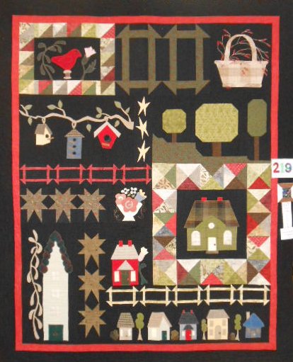 rahhawley My local quilt presented a block of the month to the members. I decided to make mine using felted wool for the applique. The background and piecing is all 100% cottons. The wool applique was fused and then machine appliqued to the background, I used my Bernina to do some of the emblishing...flowers and tendrils. It won 3rd place in the machine quilting catagory at my local guild show 2015.
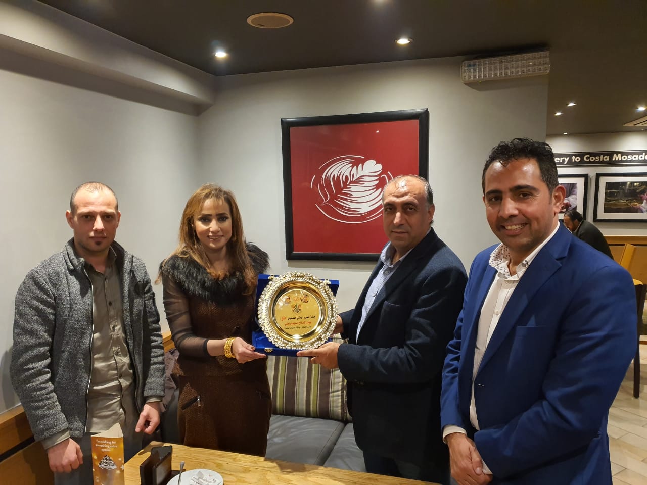 وفي نهاية اللقاء قدمت اللجنة درعا تذكاريا إلى الكاتبة، تقديرا لجهودها في إلقاء الضوء على تفاصيل القضية ومحاولة توصيل الصوت الفلسطيني عبر الإعلام المصري.
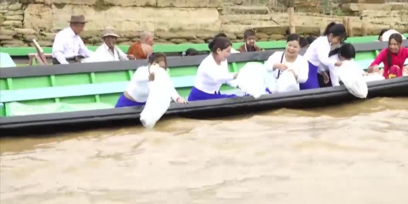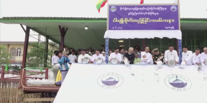 During the ceremony, at the briefing hall, the Chief Minister urged farmers to cultivate according to the technique shared by the Department of Agriculture to achieve a high yield of rice. And, the Chief Minister and officials provided the rice seed and fertilizer to the farmers. Also, at the Inle Lake, for preservation of fish resources and self-sufficiency in fish consumption in the Region, the Chief Minister and officials planted fish into the lake.
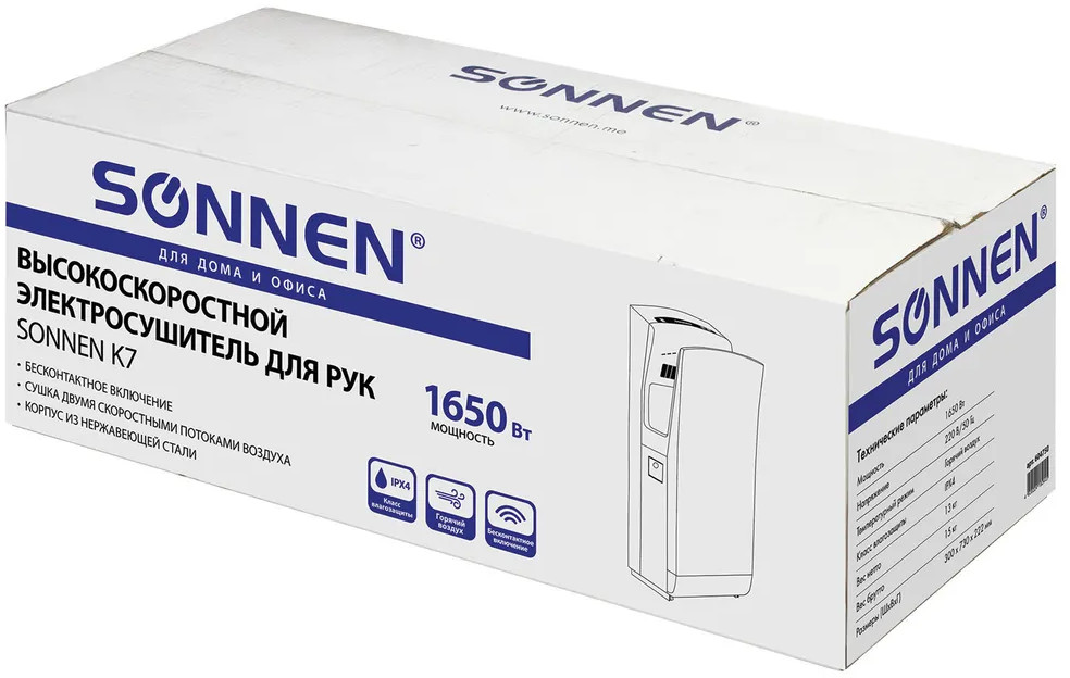 💳 Оплатить за товар можно при получении 🇰🇿 Есть бесплатная доставка по Казахстану от 1 дня 🎁 Копите бонусы с каждой покупки Электросушитель для рук Sonnen К7 — это современное, надежное устройство, которое сочетает в себе все преимущества высокоскоростных электросушителей для рук погружного типа. Подойдет для установки в местах с любой проходимостью. |
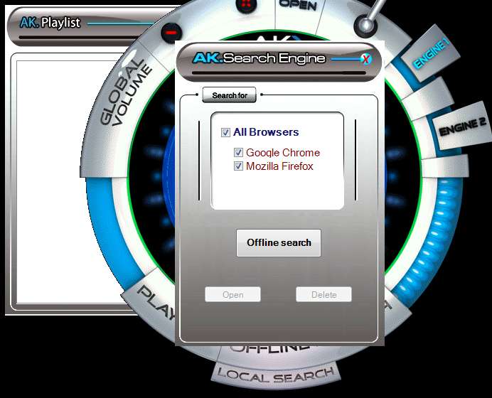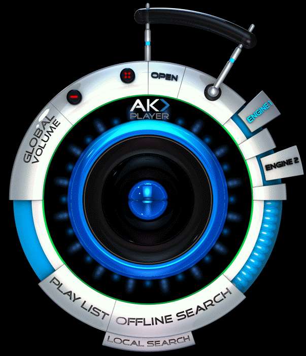 Interface of AK-Player 7 is very unusual, as you can see from the screenshot above. Futuristic would be the best word to describe what you’ll see after running this free media player for the first time, after seeing its control panel. All the options are spread out around the edges of the wheel. Open File is located all the way at the top, volume adjustment to the left, offline search for audio and video from both the browser cache and the rest of your hard drive is located all the way at the bottom.
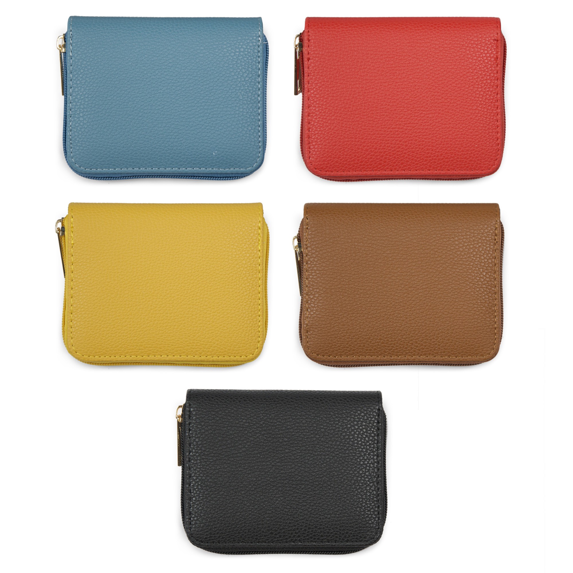 Fermeture à glissière sur 3 côtés. 2 soufflets intérieurs : deux grands emplacements, 1 poche porte-monnaie zippée et 6 emplacements CB.
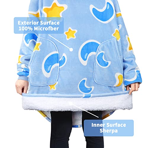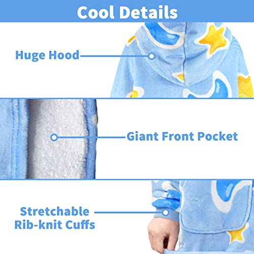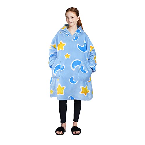 Wenlia Felpa con Cappuccio Oversize in Sherpa per Bambini e Ragazza, Cute Felpa con Coperta indossabile Morbida Felpa con Cappuccio indossabile con Ampia Tasca Frontale, Taglia Unica (Étoiles et lune)
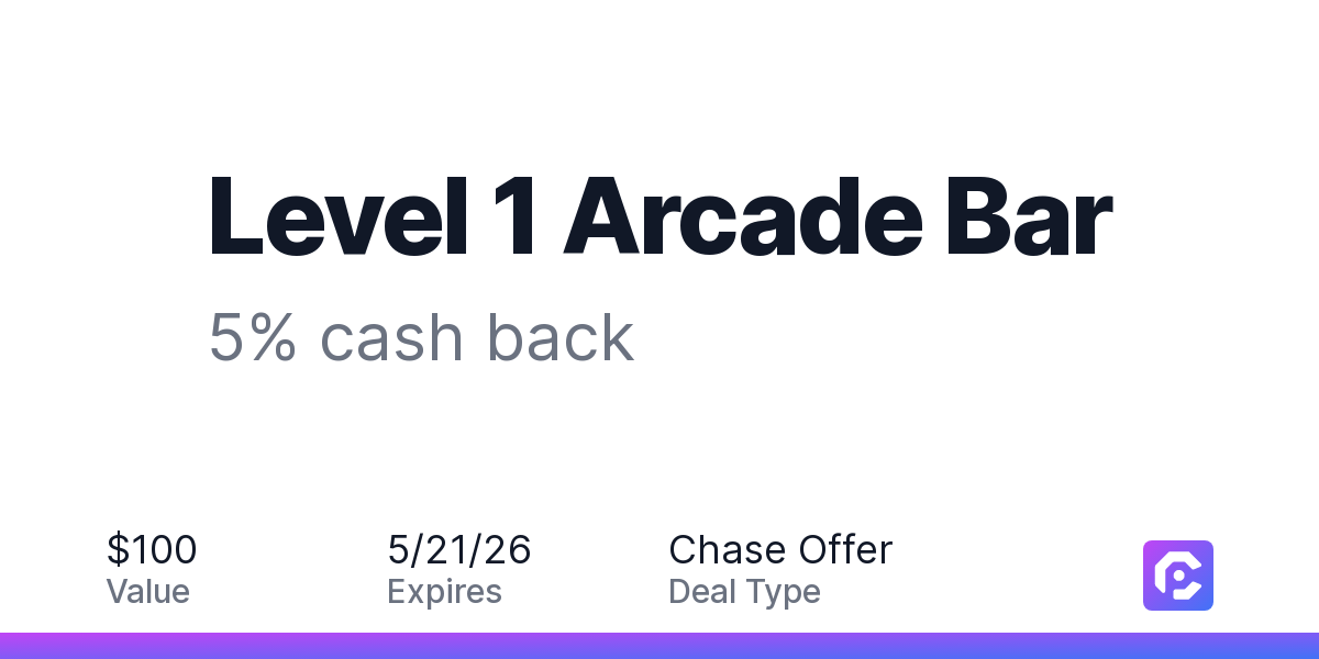 Earn 5% cash back on all of your Level 1 Arcade Bar purchases, until a $100.00 cash back maximum is reached.
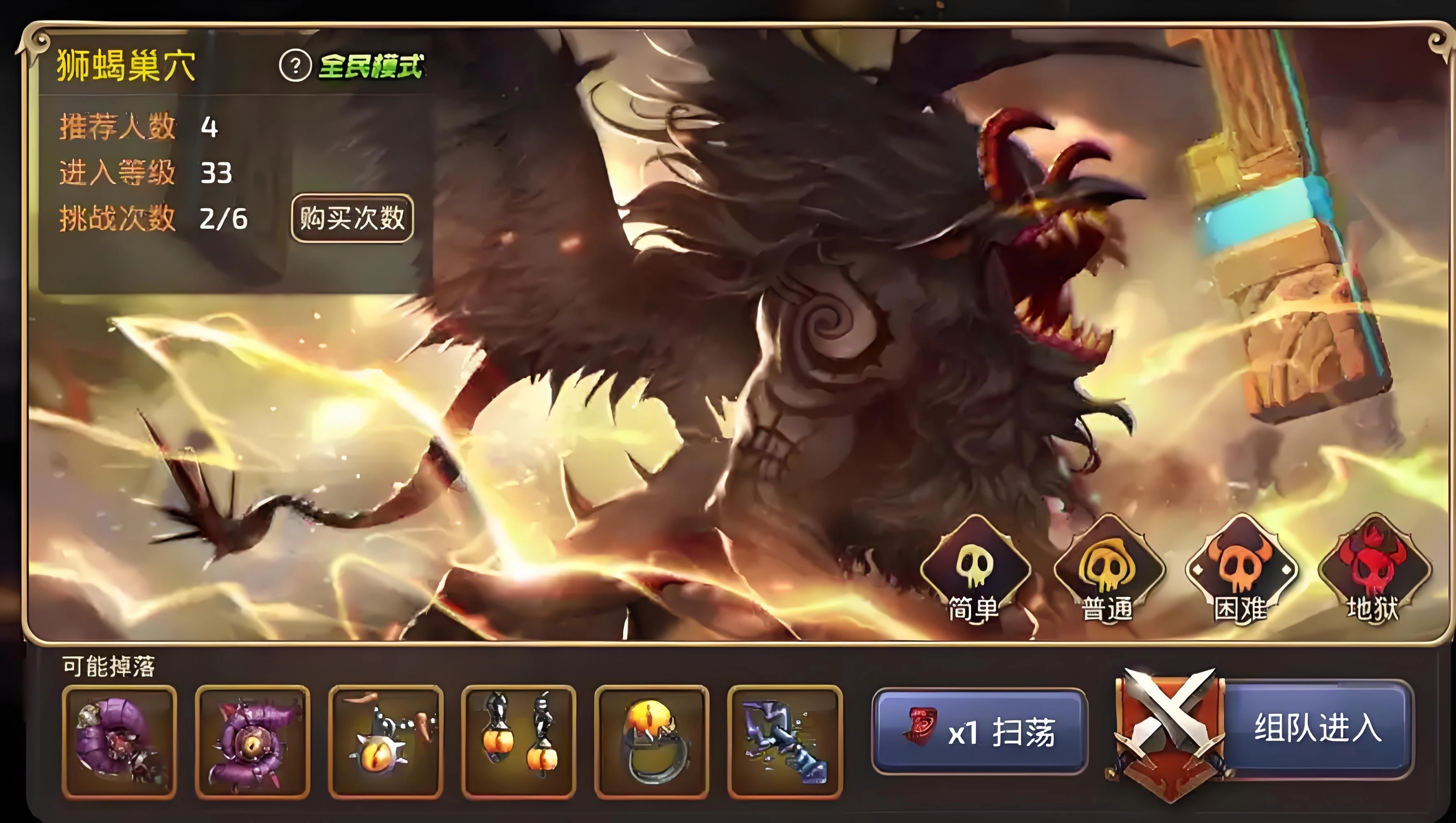 飞天砸地同样是一个在空中施展的技能,施展该技能时,狮蝎会先腾空而起至半空中,随后朝着地面上的红色区域猛力砸落。
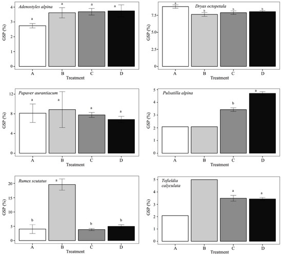 In Table 1, the one-way ANOVA results show that for most species treatment has a significant effect on GRP and GSP. Only for Dryas octopetala does the type of treatment have no significantly different effect on GRP, nor does it have a significantly different effect on GSP for Adenostyles alpina and Papaver aurantiacum.
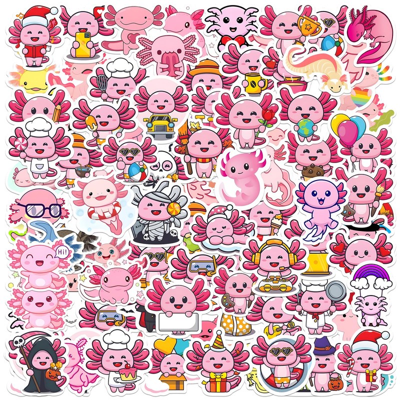 100Pcs Cute Pink Axolotl Stickers for Kids: Waterproof Vinyl Unique Axolotl S...
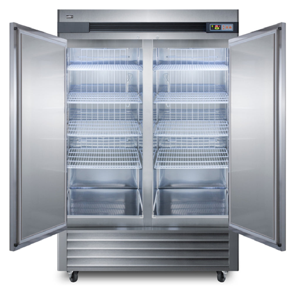 The Summit SCFF497 All-Freezer Upright Reach-in is a commercial-grade freezer engineered for optimal storage and temperature management, catering to various industry needs. With its impressive 49 cubic feet capacity, this two-section unit measures 56 inches in width, making it suitable for large-scale storage requirements. The freezer is equipped with two self-closing solid French doors featuring a 90-degree stay-open function, enhancing accessibility and convenience. Inside, users benefit from eight adjustable wire shelves and an LED interior light for easy organization and visibility. This model incorporates advanced features such as audible open door alarms and both visual and audible temperature alarms, ensuring safety and efficiency. The Summit SCFF497 maintains a temperature range from -10°F to +25°F, managed by a digital control system with an LED display. Designed with a stainless steel interior and exterior, it guarantees durability and ease of maintenance. Mobility is facilitated by four 6-inch casters, while the bottom-mounted compressor utilizes R290 Hydrocarbon refrigerant for environmentally friendly operation. The self-contained refrigeration system operates on 115V/60Hz/1-phase power, drawing 10.5 amps. Certified by UL, ULC, and ETL-Sanitation, this freezer meets rigorous commercial standards, positioning it as a reliable choice across various market segments.

◆ What you are asked to do: Find the line with "любой проходимостью. |" in the entries above. Set down exactly every line from it up to and including the line with "100Pcs Cute Pink", images excluded.

◆ Exercise result:
 💳 Оплатить за товар можно при получении 🇰🇿 Есть бесплатная доставка по Казахстану от 1 дня 🎁 Копите бонусы с каждой покупки Электросушитель для рук Sonnen К7 — это современное, надежное устройство, которое сочетает в себе все преимущества высокоскоростных электросушителей для рук погружного типа. Подойдет для установки в местах с любой проходимостью. |
 Interface of AK-Player 7 is very unusual, as you can see from the screenshot above. Futuristic would be the best word to describe what you’ll see after running this free media player for the first time, after seeing its control panel. All the options are spread out around the edges of the wheel. Open File is located all the way at the top, volume adjustment to the left, offline search for audio and video from both the browser cache and the rest of your hard drive is located all the way at the bottom.
 Fermeture à glissière sur 3 côtés. 2 soufflets intérieurs : deux grands emplacements, 1 poche porte-monnaie zippée et 6 emplacements CB.
 Wenlia Felpa con Cappuccio Oversize in Sherpa per Bambini e Ragazza, Cute Felpa con Coperta indossabile Morbida Felpa con Cappuccio indossabile con Ampia Tasca Frontale, Taglia Unica (Étoiles et lune)
 Earn 5% cash back on all of your Level 1 Arcade Bar purchases, until a $100.00 cash back maximum is reached.
 飞天砸地同样是一个在空中施展的技能,施展该技能时,狮蝎会先腾空而起至半空中,随后朝着地面上的红色区域猛力砸落。
 In Table 1, the one-way ANOVA results show that for most species treatment has a significant effect on GRP and GSP. Only for Dryas octopetala does the type of treatment have no significantly different effect on GRP, nor does it have a significantly different effect on GSP for Adenostyles alpina and Papaver aurantiacum.
 100Pcs Cute Pink Axolotl Stickers for Kids: Waterproof Vinyl Unique Axolotl S...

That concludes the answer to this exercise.